Wes Streeting can’t claim to be his inner-city comp’s most famous alumni. That claim goes to the Hollywood actor John Boyega who, like the shadow child poverty secretary, also came from a council estate and went on to Westminster City school, which was in special measures during Streeting’s time.
Now, Streeting says, opportunities are rapidly diminishing for state school pupils like them. His own school has had to make hard choices about funding extracurricular activities, meaning after-school drama there – despite its Star Wars-famed alumnus – has been a casualty.
Westminster City school is not alone. Analysis by Labour reveals extracurricular activities – sport, music, school trips and drama – have been in freefall over the past decade of Conservative government, particularly for primary-age children.
The research, pre-dating the pandemic, shows the arts have been particularly hit, with a 47% decrease in theatre and drama and a 36% drop in music participation. Competitive sport is down by 13% and there are similar decreases for participation in visits to heritage sites, museums and libraries.
Labour said the study, which looked at the government’s Taking Part Survey data over 10 years, showed the poorest children were likely to suffer most, when analysed alongside the Social Mobility Commission report An Unequal Playing Field.
The party will promise in government to offer children “Ten by ten” – 10 life-changing extracurricular experiences by the age of 10, including overnight trips, swimming and music lessons.

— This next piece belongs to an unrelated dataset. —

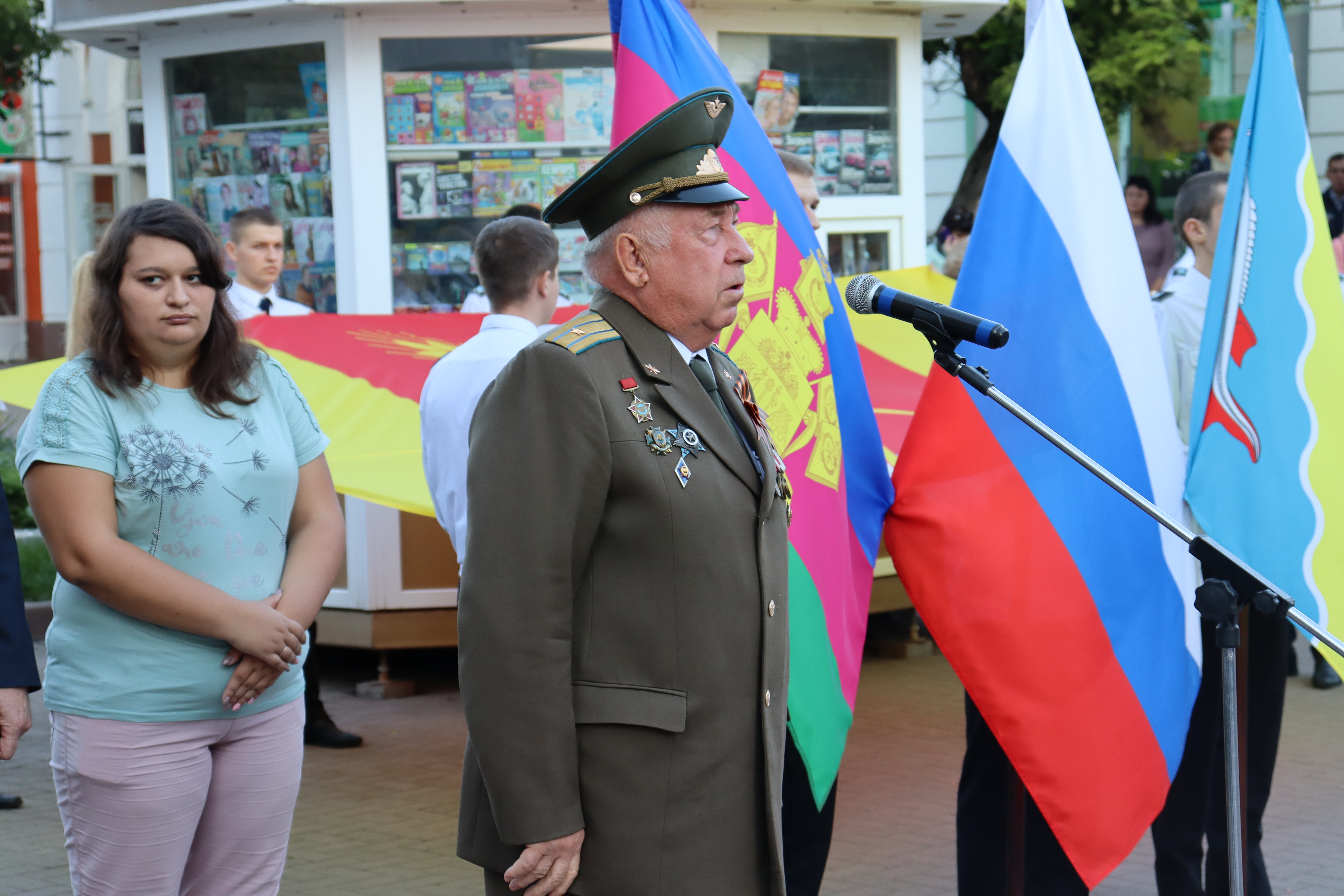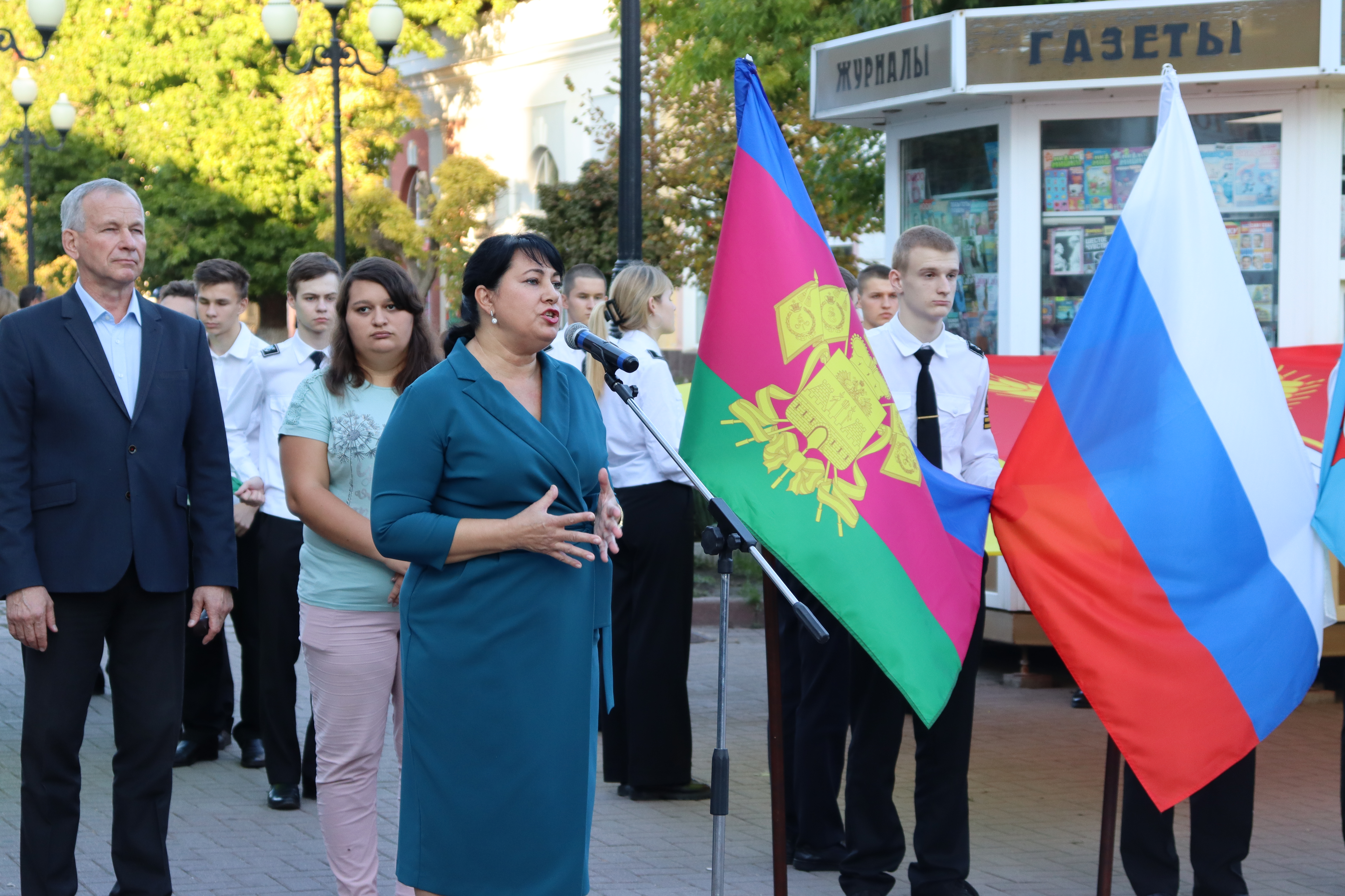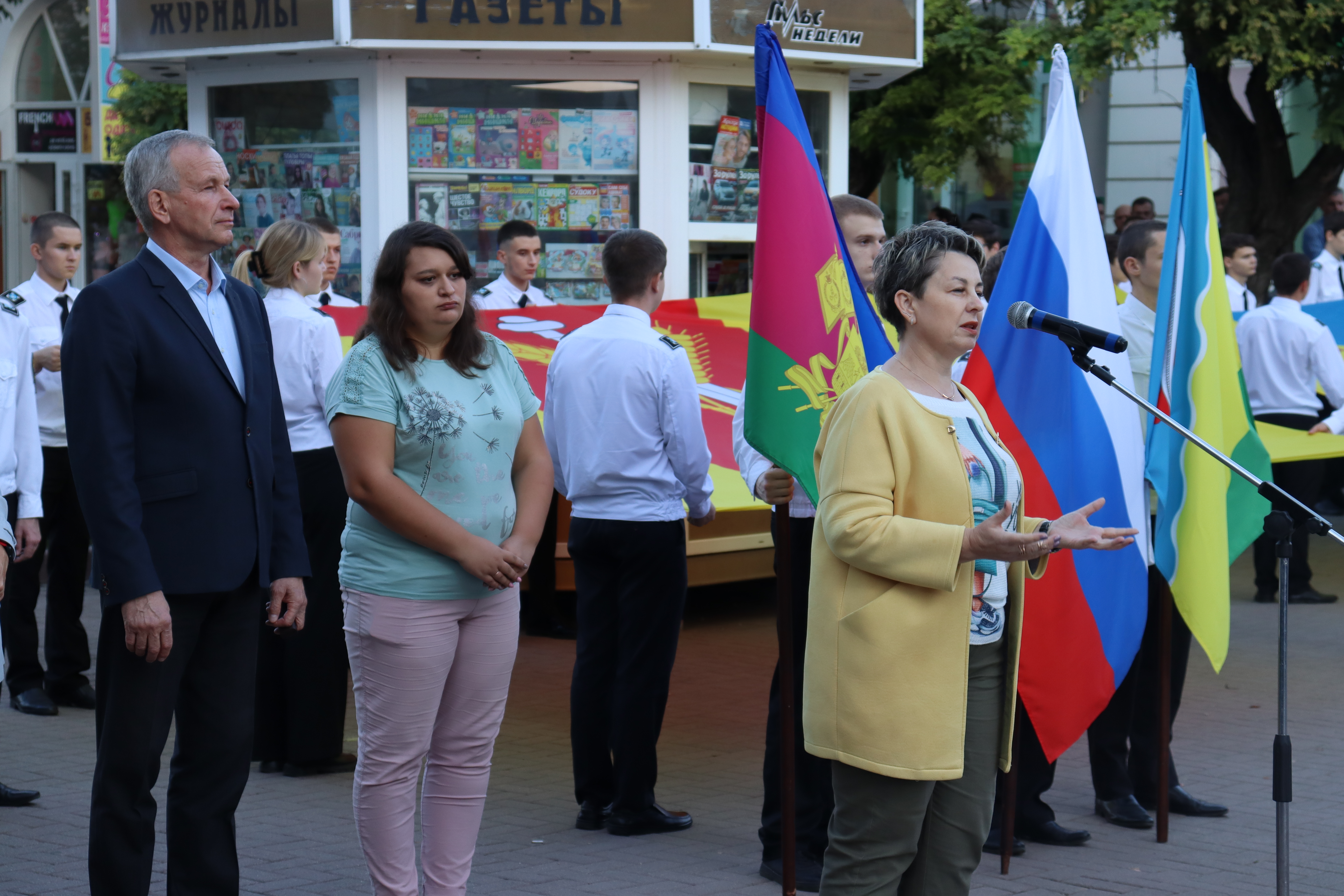 Сегодня на пересечение улиц Ленина и Свердлова вышли жители и гости города. Здесь были развернуты флаги поселений, развивался триколор нашей страны, флаги Кубани и муниципалитета в руках присутствующих. К жителям и гостям Ейского района обратился заместитель главы муниципалитета Юрий Ковров.

Streeting said government cuts meant life-changing opportunities were being missed as well as activities that could help heal some of the damage to pupils’ mental health during the pandemic.
“When I was at a tough inner-city school, drama gave me a friendship group. It’s been so core to who I am and given me such confidence later in life. I went back to my old secondary school last year and it’s had to make some difficult choices,” Streeting said. “Don’t tell me the private Westminster school, up the road, is making those kind of choices.”
Streeting was given his child poverty role in the shadow cabinet shortly after he was diagnosed with kidney cancer this year. At 38, he is one of the youngest in Keir Starmer’s team and the diagnosis came as a huge shock.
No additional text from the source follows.